What data type to store raw IMAP fetched email messages in Postgresql? - postgresql

I need to store email messages as soon as they are fetched from IMAP in the database for later processing. I extract the message using a FETCH request and data is returned using BODY.PEEK[].
From my understanding, all IMAP messages are returned as US-ASCII (the mail servers accept only that), but I could be wrong.
My options (in order of what I think it's right) are:
US-ASCII text column
Bytea
BLOB
I was thinking about using US-ASCII but I'm afraid of having problems with encoding, I don't know if there are "faulty" IMAP servers not returning us-ascii mails.
The alternative is Bytea, but I read you have to deal with encoding, so I'm not sure what's the advantage/disadvantage over US-ASCII.
BLOB is raw, and I'm not sure about the problems it deliver in this case. I assume I have to deal with the bytes-to-string conversion.
What's the recommended data type?

For small objects such as emails, I think you're going to be better off with Bytea. The storage and handling is different and since your objects are going to be small, it seems like it would be handled better as Bytea. See here for a comparison of the two by Microolap. That's not a full answer to your question but might take one option off the list.

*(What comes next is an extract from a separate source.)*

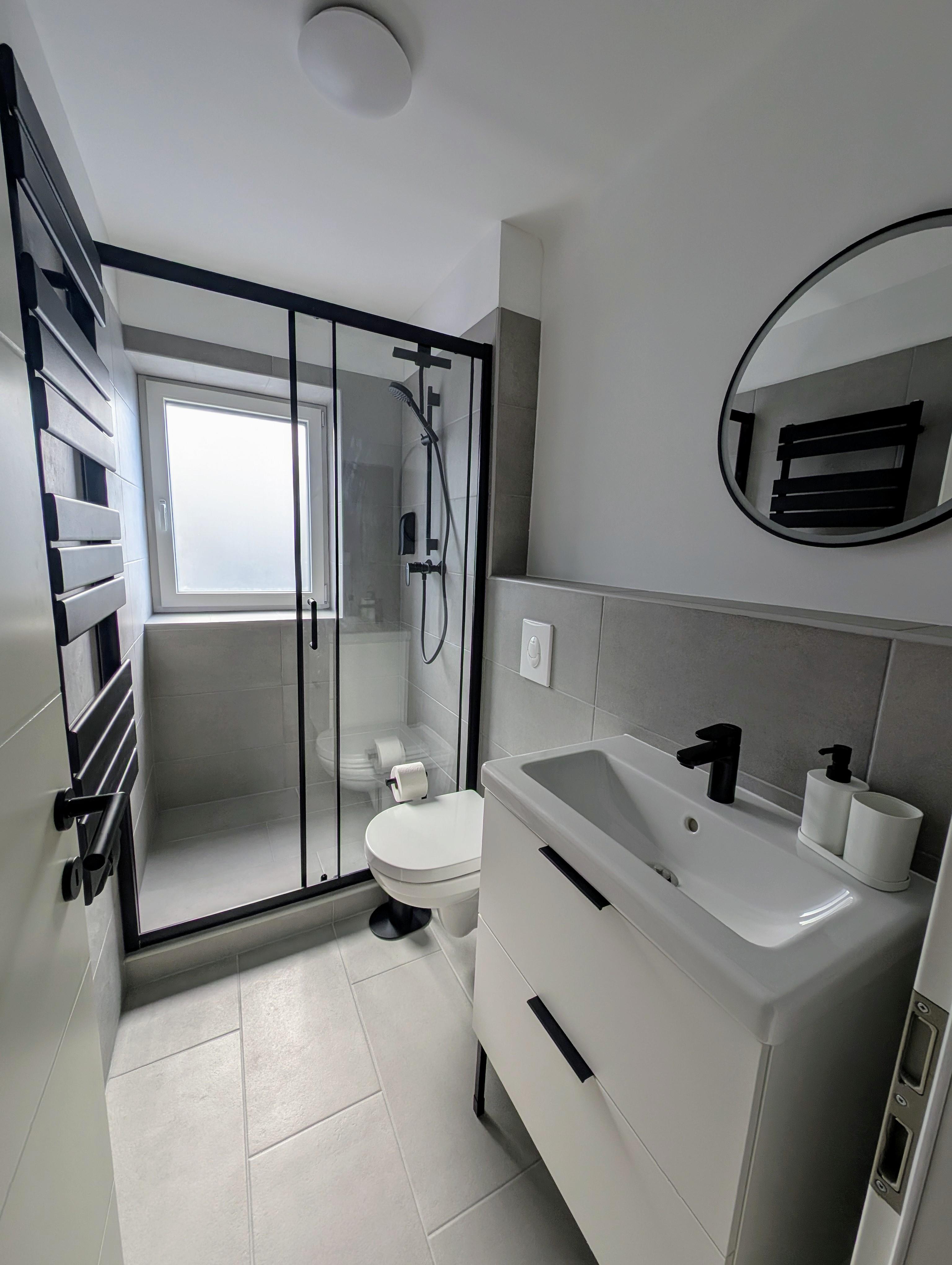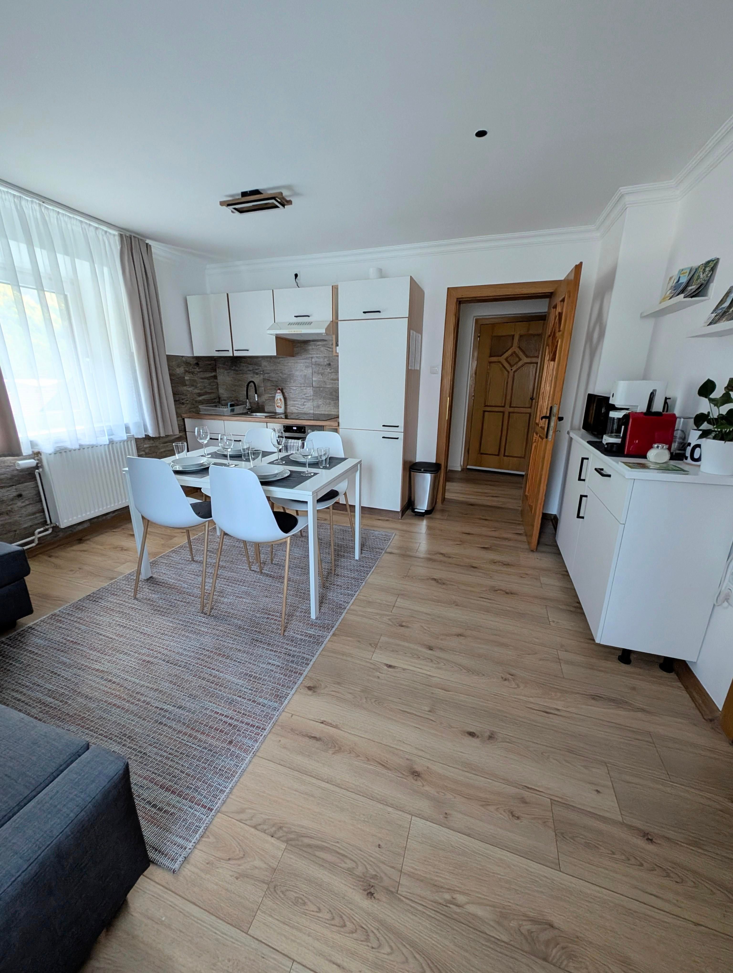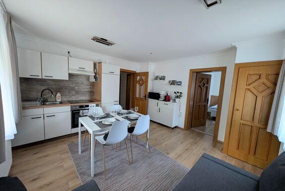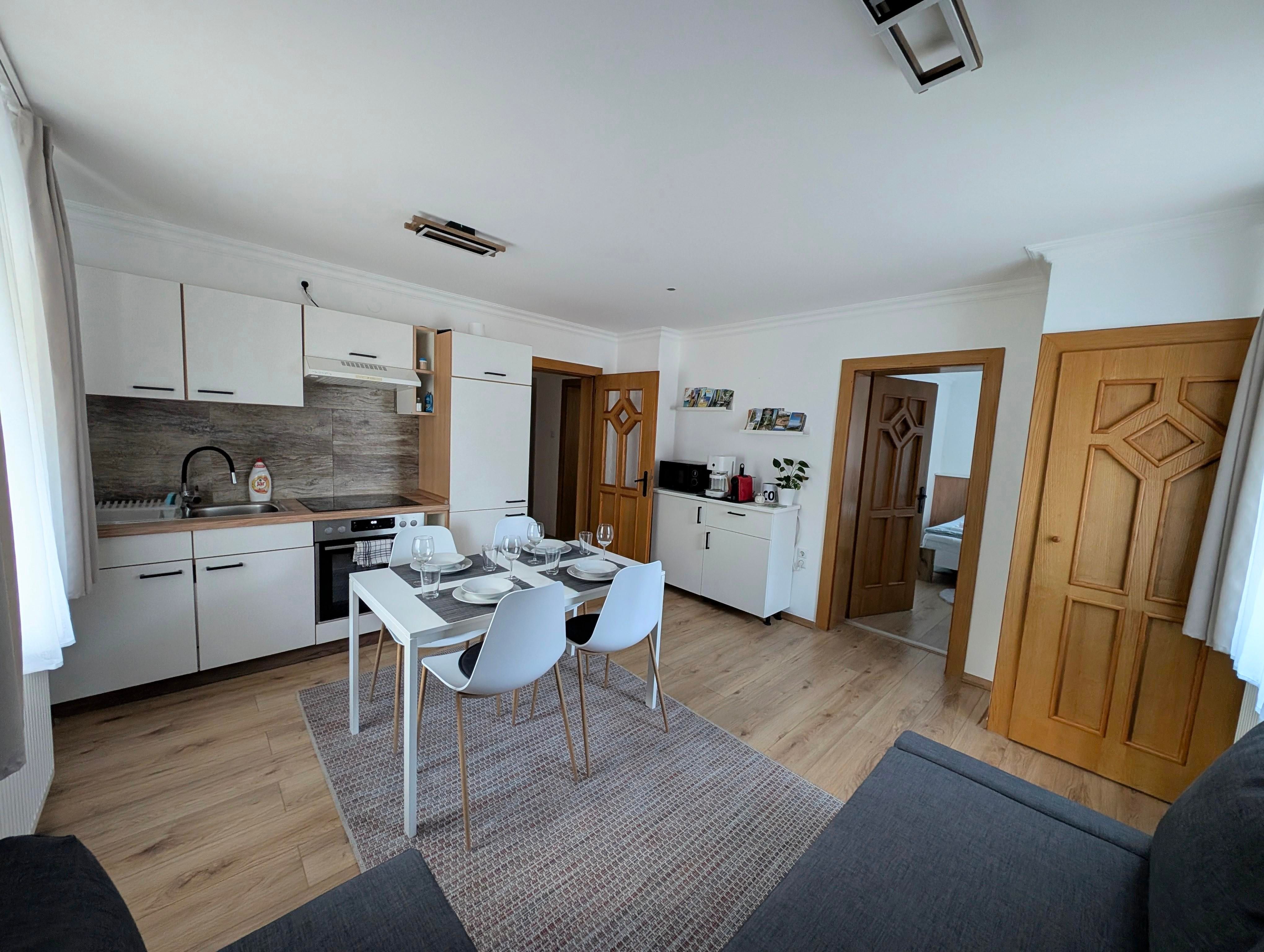 Die Wohnung verfügt über eine voll ausgestattete Küche mit Elektroherd, Backofen, Mikrowelle, Nespresso-Kaffeemaschine, Filterkaffeemaschine, Toaster, Wasserkocher und Kühlschrank, Bad mit Dusche und WC.

You're making the very much unwarranted assumption that you can avoid dealing with encodings.
You can't.
Whether you use lob, bytea, or a text column that you assume contains 7-bit mail only... the mail is just arbitrary binary data. You do not know its text encoding. In practice mail clients have used 8-bit encoding forever; either standards-compliant via MIME quoted-printable, or often simply raw 8-bit text.
Some clients have even been known to include full 8-bit MIME segments that include null (zero) bytes. PostgreSQL won't tolerate that in a text column.
But even for clients using compliant MIME, quoted-printable escaping text bodies, etc... the mail may contain non-ASCII chars, they're just escaped. Indexing these and ignoring the escapes will yield weird and wrong results. Also, attachments will usually be arbitrary base64 data. Indexing this as text is utterly meaningless. Then there's all the HTML bodies, multi-part/alternative segments, CSS, etc...
When dealing with email, assume that anything a client or server can do wrong, it will do wrong. For storage, treat the email as raw bytes of unknown encoding. That's exactly what bytea is for.
If you want to do anything with the mail you'll need a defensive MIME parser that can extract the MIME parts, cope with broken parts, etc. It'll need to check the declared encoding (if any) against the actual mime-part body, and guess encodings if none are declared or the declared encoding is obviously wrong. It'll have to deal with all sorts of bogus MIME structure and contents; quoted-printable bodies that aren't really quoted-printable, and all that.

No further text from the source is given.